The Wizard Mokraine turning up at the front desk is something I can do without, especially before lunch.
Not that he’s a bad person, exactly. But he’s a far-from-entirely-sane First Adept Doctor of the Arcane with a habit of draining people’s emotions. While neither permanent nor illegal, it’s disconcerting. He also has a touchy temper and a really unpleasant familiar.
“Ah, Chief…” he pauses; I’m not sure whether he’s forgotten my name, or why he’s here, or both. He stares past my shoulder in a way that makes me want to look behind me, even though I know the only thing there is a wall that needs painting.
“A potion,” he says, eventually. “A potion for those travelling through portals.”
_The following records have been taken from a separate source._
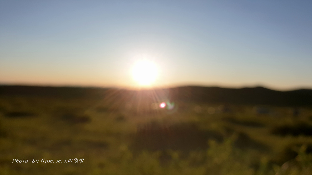 5시 30분 경 동쪽 구릉 언덕 너머로 아침 해가 떠오른다.
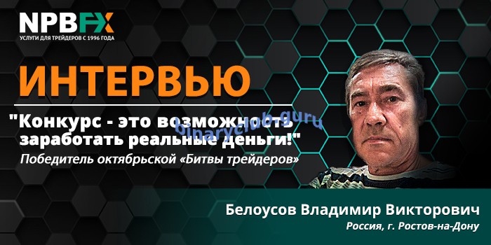 Уйти, чтобы вернуться и победить! Так ёмко можно описать профессиональный путь на Форекс опытного трейдера Белоусова Владимира Викторовича, который занял престижное первое место в конкурсе «Битва трейдеров» за октябрь. Победитель из российского города Ростов-на-Дону, ему 58 лет. Первое его знакомство с рынком состоялось еще в 2010 году, но в последние несколько лет Владимир Викторович поставил трейдинг «на паузу». Конкурс «Битва трейдеров» стал новой отправной точкой в движении вперед и принес победителю $1000 призовых на его реальный торговый счет в компании NPBFX. Особенно в конкурсе Владимир Викторович выделил дух соперничества, юзабилити мониторинга конкурса и удобную организацию. Трейдер торгует от уровней, говорит, что лишь торговой стратегии недостаточно для победы. Что еще нужно, чтобы занять первое место, и каким хочет видеть развитие рынка Форекс в России победитель читайте в интервью!
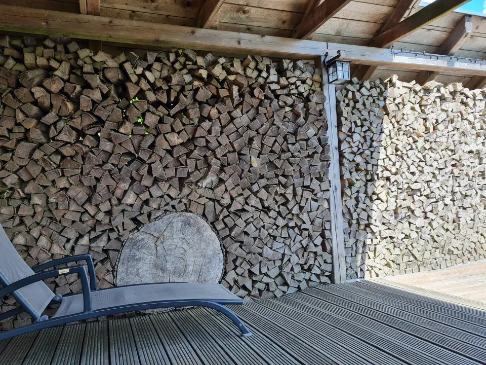Soukromí vedle sauny u ochlazovací bazénku tvoří zástěna vyskládaná z polen.

There are seven permanent portals that open on this city. Travelling through them’s often necessary, but a lot of people’s stomachs don’t like it. And doing it too much tends to do odd things to the mind.
“It’s being sold in Green Dog Way,” he says. “You need to stop it.”
“I see,” I say, not seeing. “Could you tell me why?”
But at this point a Barraklé couple come in yelling, and off he goes to absorb whatever upset they’re loudly experiencing. I wonder briefly about getting him on staff to drain emotions off the more overexcited citizens (not that I’d dare ask him). I forget all about the potion till I’m on my way home and happen to pass Green Dog Way.
I decide maybe I should check it out.
The thing with Mokraine being, he might be mad as a fistful of moons but he’s still a very powerful warlock when the wind’s in the right direction. If he’s concerned about something of a magical nature, there’s probably a good reason.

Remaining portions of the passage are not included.